General anesthesia is a marvelous thing, knocking us out and blocking our sense of pain in a matter of seconds before surgery.

But in rare cases, some people are responsive to their surrounds under general anesthesia, yet they cannot remember what happened afterwards.

This is called 'connected consciousness', and now the largest study of its kind to date on the phenomenon suggests that it's more common than first thought, affecting 1 in 10 young adults, and women more than men.

The findings highlight the need to better understand how different people respond to anesthetic drugs, the researchers say. Even after 170 years of use, we still don't have a firm grasp on how general anesthesia works – and now age and sex seem to be another factor in the mix.

"There is an urgent need for further research on the biological differences, particularly sex, that may influence sensitivity to anesthetic medication," says study author Robert Sanders, an anesthetist and neuroscientist at the University of Sydney in Australia.

If the results of the new study can be replicated, it might put us one step closer to understanding who is more likely to experience 'connected consciousness' and how anesthetists can reduce the odds of it happening.

Past estimates had suggested around 5 percent of people going under general anesthesia experienced 'connected consciousness'. But Sanders' team had suspected, based on other research, that it might have been more common in younger people.

The results of the new study suggest that a larger than expected amount of young adults are still responsive under general anesthesia, before surgery begins.

Roughly one in 10 of the 338 young adults in the study, aged between 18 and 40 years, responded to commands asking them to squeeze the researchers' hand once if they understood, and twice if they were in pain while under general anesthesia.

An hour after waking up, participants were asked to recall 16 words that they had heard under anesthesia, to see what they remembered of the experience.

Women were between two to three times more likely than men to experience 'connected consciousness', the study found.

The odds of 'connected consciousness' were also lower if a continuous level of anesthesia was maintained in the minutes after anesthesia was induced and before intubation, the point where a plastic tube is inserted down a person's windpipe to maintain airflow and deliver anesthetic drugs during surgery.

It's important to note that 'connected consciousness' is different to the unintended awareness that an even smaller fraction of people – just 0.1 percent – experience during anesthesia, after which they can recall specific details about the procedure.

'Connected' in this instance refers to parts of the brain still being capable of processing sensations from their environment, half-paying attention but not fully aware.

"Patients expect to be unconscious under anesthesia, and not be in pain, and this demonstrates why research into anesthesia is so important," Sanders says.

Around 13 percent of women in the study responded to commands under anesthesia, compared to only 6 percent of men, even though they received the same weight-adjusted amounts of propofol, a drug used to start and maintain general anesthesia.

"Differences in dosing, if present, were small and do not explain why females experienced connected consciousness more often than males," write the researchers in their paper.

About half of the 37 people who responded to commands also indicated they were in pain, which would have been swiftly rectified by adjusting the dose of anesthetic drugs. One person also clearly recalled the experience of surgery after the procedure ended.

"In our opinion, this is a higher level of consciousness than patients (or their anesthesiologists) anticipate during general anesthesia," Sanders and colleagues write in the paper.

While it may feel like anesthetics knock us out with a slug-punch of drugs that hit before you can count to ten, being in a state of anesthesia only requires a person to be disconnected from their environment, not necessarily involving a full loss of consciousness.

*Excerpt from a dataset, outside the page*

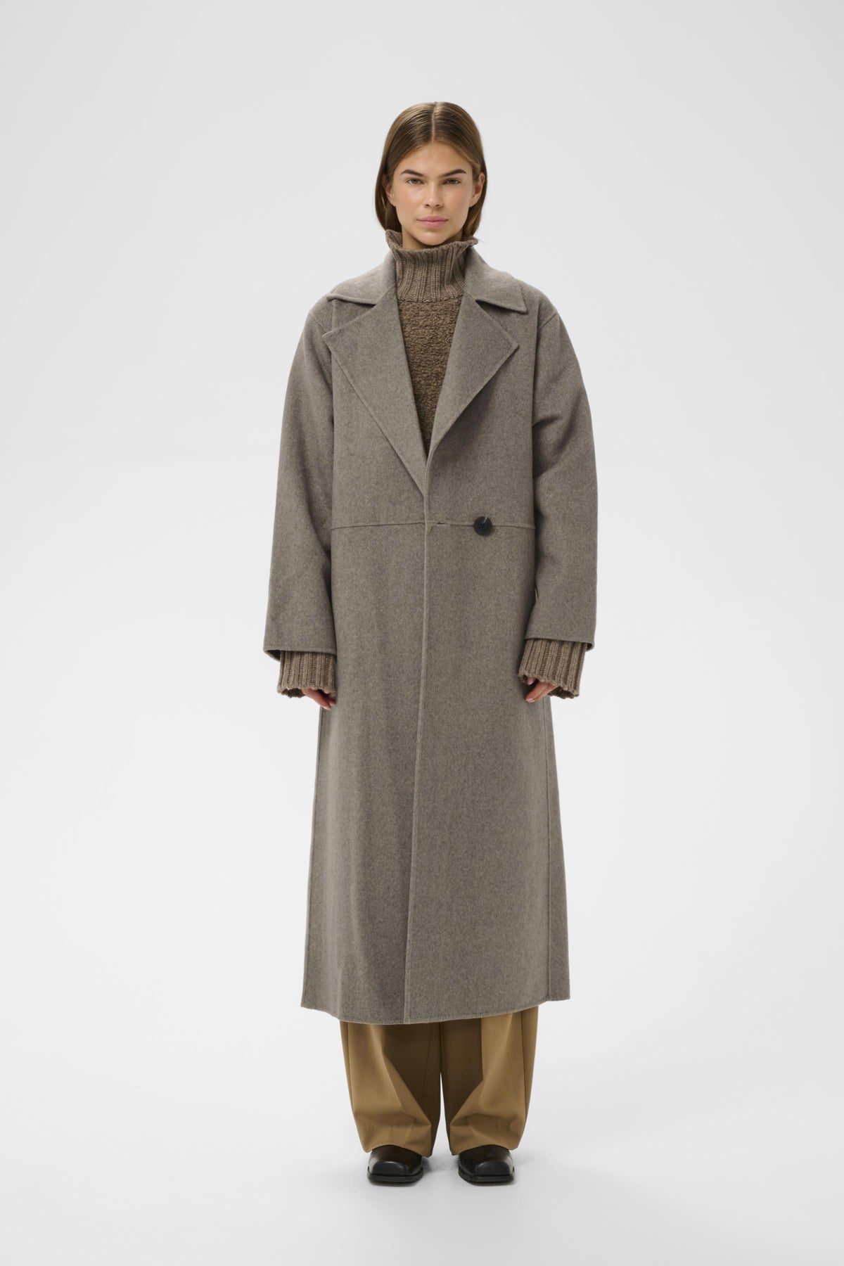 Denna långa damkappa har avslappnad passform, klassiska slag och bälte i midjan. Perfekt ytterplagg för alla tillfällen och komfort hela dagen

However, that clearly seems to be very fine line for anesthetists to tread, and one which appears to vary greatly from person to person.

At least now, anesthetists might have a better understanding of how maintaining continuous anesthesia in the first few minutes (which is already standard practice in many countries) may help reduce the incidence of 'connected consciousness'.

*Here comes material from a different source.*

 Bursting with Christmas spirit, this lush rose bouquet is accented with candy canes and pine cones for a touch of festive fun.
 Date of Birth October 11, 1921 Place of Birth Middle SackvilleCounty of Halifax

"It is very important to note that patients did not remember responding to the commands," says Sanders, noting that overall, general anesthetics are very safe.

"It was also reassuring to see that if anesthetic drugs are administered continuously in the time period between induction of anesthesia and intubation, the risk of connected consciousness was greatly reduced," he says.

The study was published in the British Journal of Anaesthesia.